[[ DATA TO USE open ]]
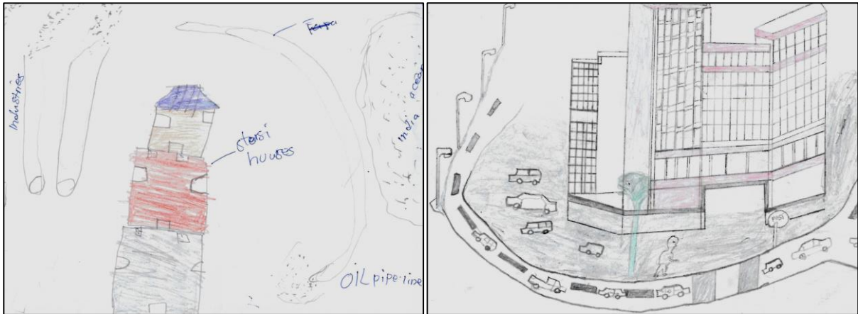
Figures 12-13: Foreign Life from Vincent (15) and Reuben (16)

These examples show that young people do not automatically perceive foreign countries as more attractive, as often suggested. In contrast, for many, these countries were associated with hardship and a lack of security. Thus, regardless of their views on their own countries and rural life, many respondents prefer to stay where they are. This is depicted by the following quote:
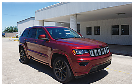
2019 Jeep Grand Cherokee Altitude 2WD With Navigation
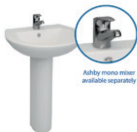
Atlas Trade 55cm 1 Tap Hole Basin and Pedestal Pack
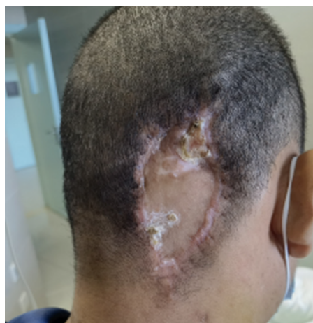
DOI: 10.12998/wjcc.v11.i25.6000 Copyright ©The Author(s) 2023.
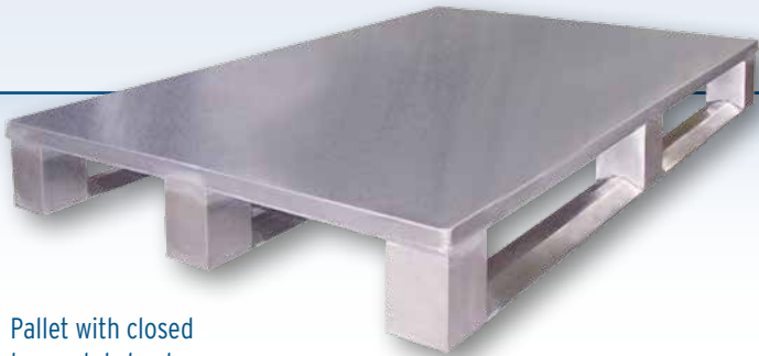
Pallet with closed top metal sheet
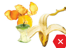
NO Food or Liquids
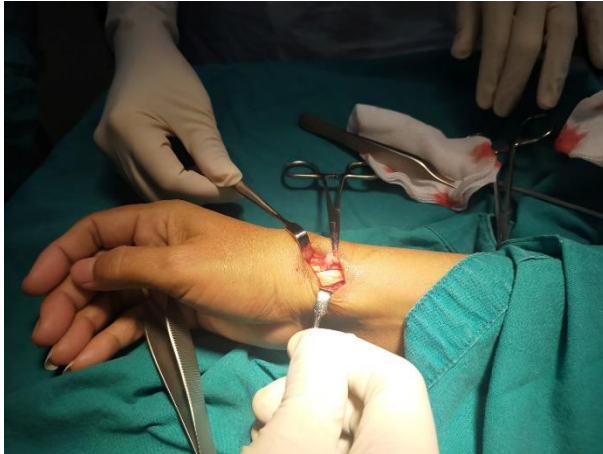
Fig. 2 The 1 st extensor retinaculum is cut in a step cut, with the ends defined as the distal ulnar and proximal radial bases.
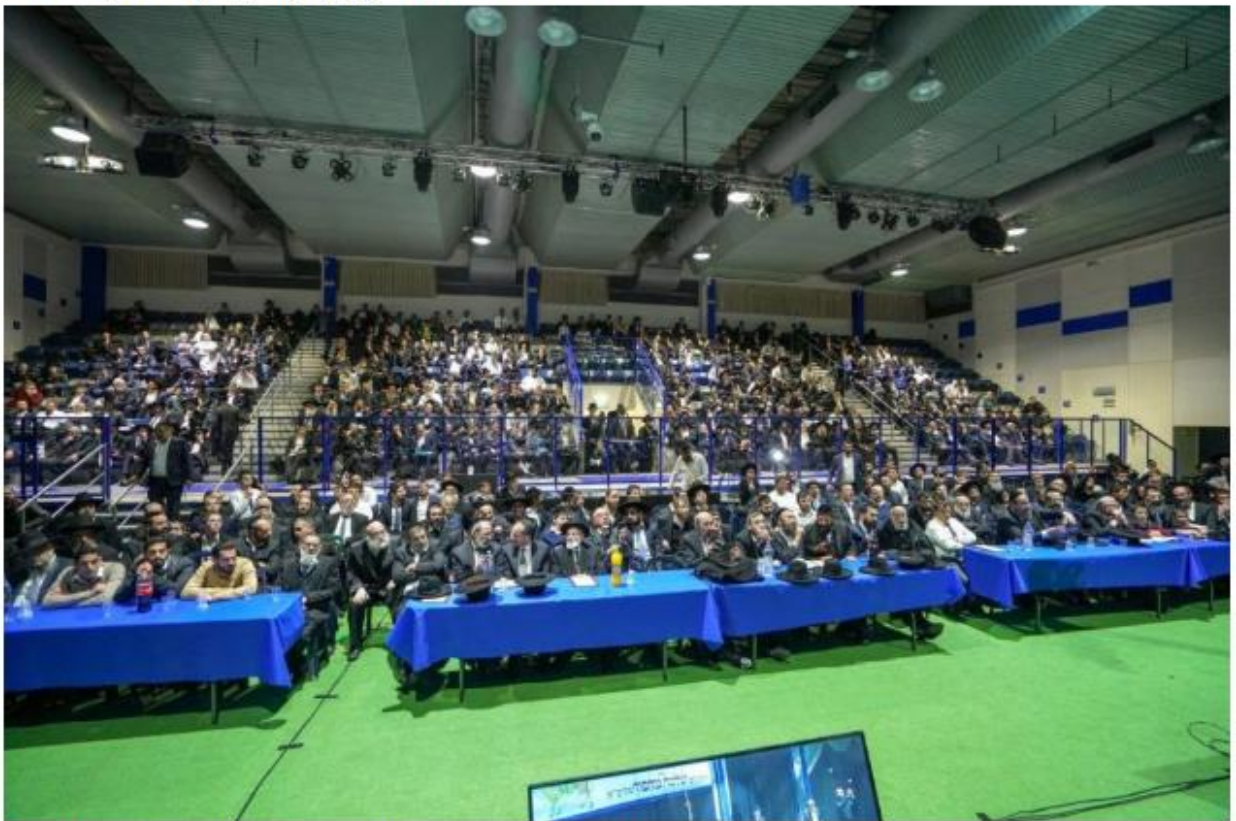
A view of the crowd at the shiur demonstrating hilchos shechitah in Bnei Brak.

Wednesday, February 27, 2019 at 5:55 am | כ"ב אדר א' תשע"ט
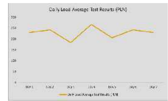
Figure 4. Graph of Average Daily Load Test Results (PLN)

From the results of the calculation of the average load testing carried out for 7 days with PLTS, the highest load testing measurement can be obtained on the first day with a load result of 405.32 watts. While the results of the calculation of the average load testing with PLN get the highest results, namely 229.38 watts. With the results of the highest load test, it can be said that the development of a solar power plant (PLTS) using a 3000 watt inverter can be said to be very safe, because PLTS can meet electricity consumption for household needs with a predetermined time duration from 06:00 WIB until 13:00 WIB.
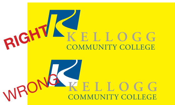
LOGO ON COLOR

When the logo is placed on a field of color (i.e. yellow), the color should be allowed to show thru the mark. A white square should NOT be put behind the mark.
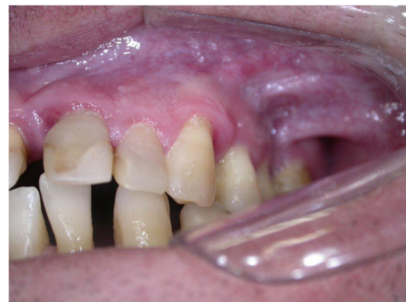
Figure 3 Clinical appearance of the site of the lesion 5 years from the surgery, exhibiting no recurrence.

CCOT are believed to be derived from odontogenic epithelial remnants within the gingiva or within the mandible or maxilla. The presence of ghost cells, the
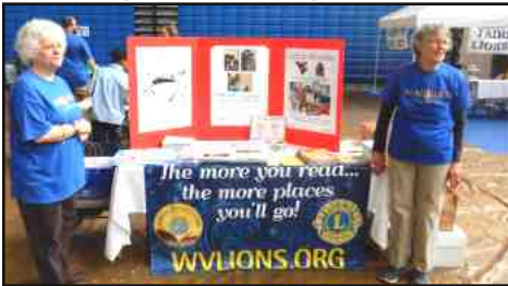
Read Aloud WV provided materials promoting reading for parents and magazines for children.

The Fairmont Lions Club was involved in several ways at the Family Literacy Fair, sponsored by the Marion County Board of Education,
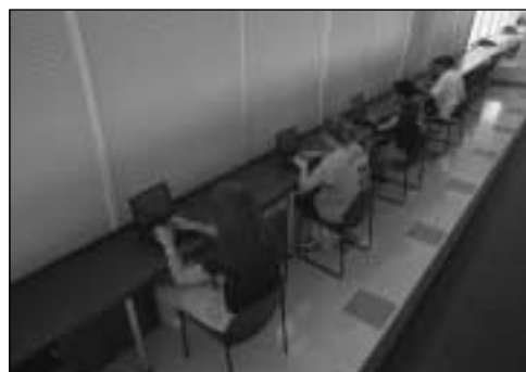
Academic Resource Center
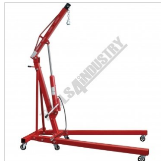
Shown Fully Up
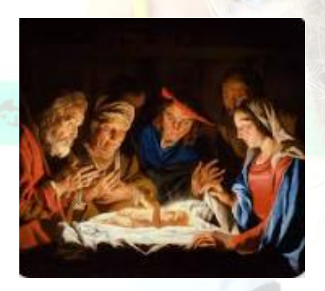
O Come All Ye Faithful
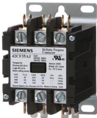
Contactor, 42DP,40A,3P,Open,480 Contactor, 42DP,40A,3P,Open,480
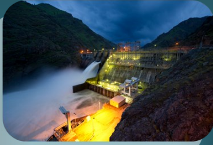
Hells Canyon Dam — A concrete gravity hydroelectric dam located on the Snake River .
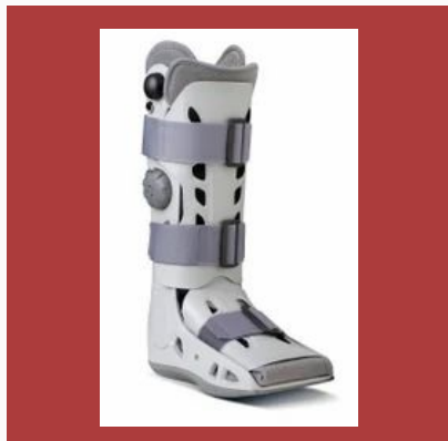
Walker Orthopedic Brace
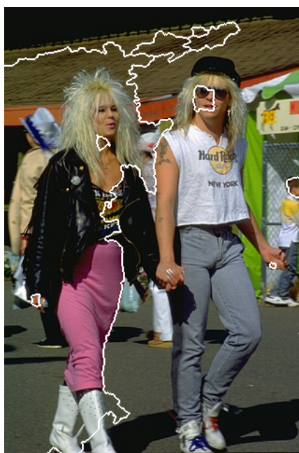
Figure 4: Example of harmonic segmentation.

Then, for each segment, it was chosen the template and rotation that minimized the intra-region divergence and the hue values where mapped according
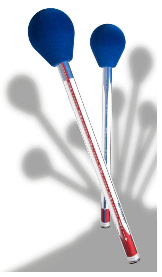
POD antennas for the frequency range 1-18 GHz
[[ DATA TO USE closed ]]
[[ DATA TO USE open ]]
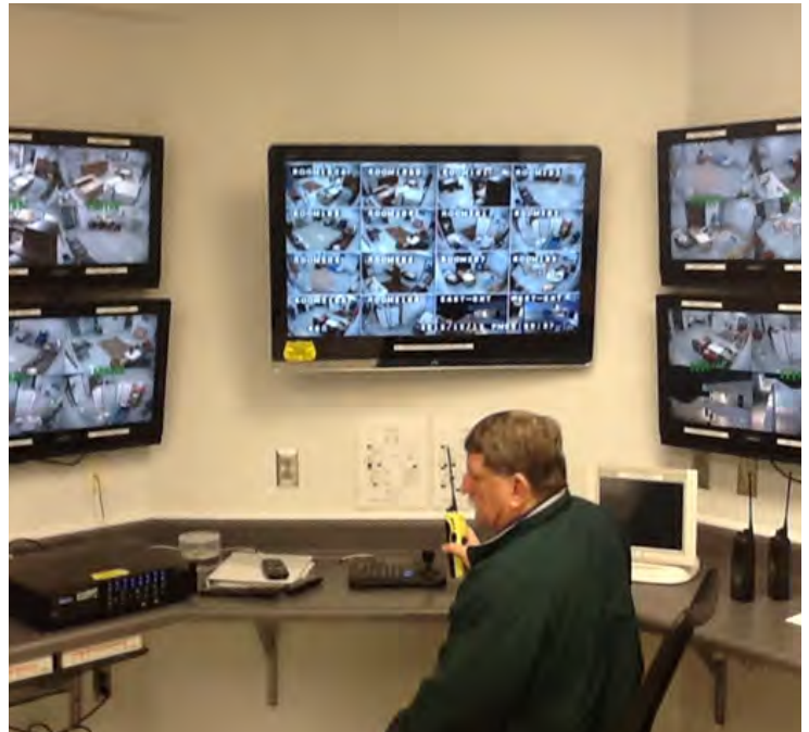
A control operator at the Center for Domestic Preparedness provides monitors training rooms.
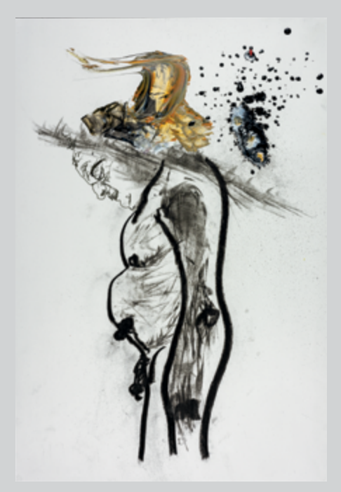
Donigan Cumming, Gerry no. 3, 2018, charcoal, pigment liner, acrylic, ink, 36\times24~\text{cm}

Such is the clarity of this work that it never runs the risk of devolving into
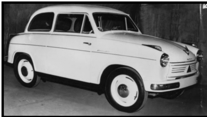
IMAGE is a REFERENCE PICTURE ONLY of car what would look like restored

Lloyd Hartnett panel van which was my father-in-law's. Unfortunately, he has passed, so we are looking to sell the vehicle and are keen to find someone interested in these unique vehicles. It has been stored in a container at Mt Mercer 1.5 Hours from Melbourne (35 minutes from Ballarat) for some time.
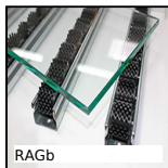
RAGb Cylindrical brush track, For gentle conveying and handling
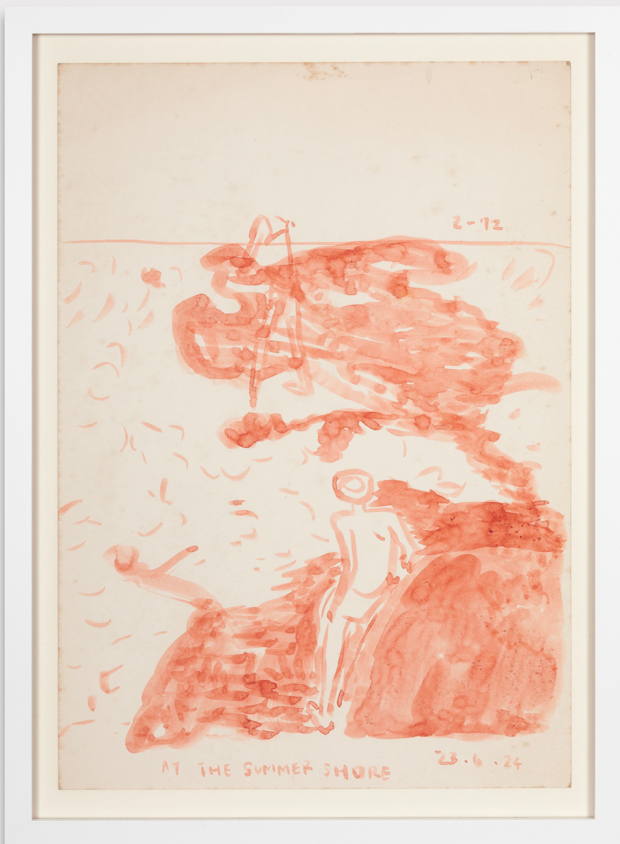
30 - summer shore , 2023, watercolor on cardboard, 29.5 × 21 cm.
[[ DATA TO USE closed ]]
WHAT THIS TASK INVOLVES
Tally the lines of the records that contain "where", then write only the total.

EXERCISE RESULT
2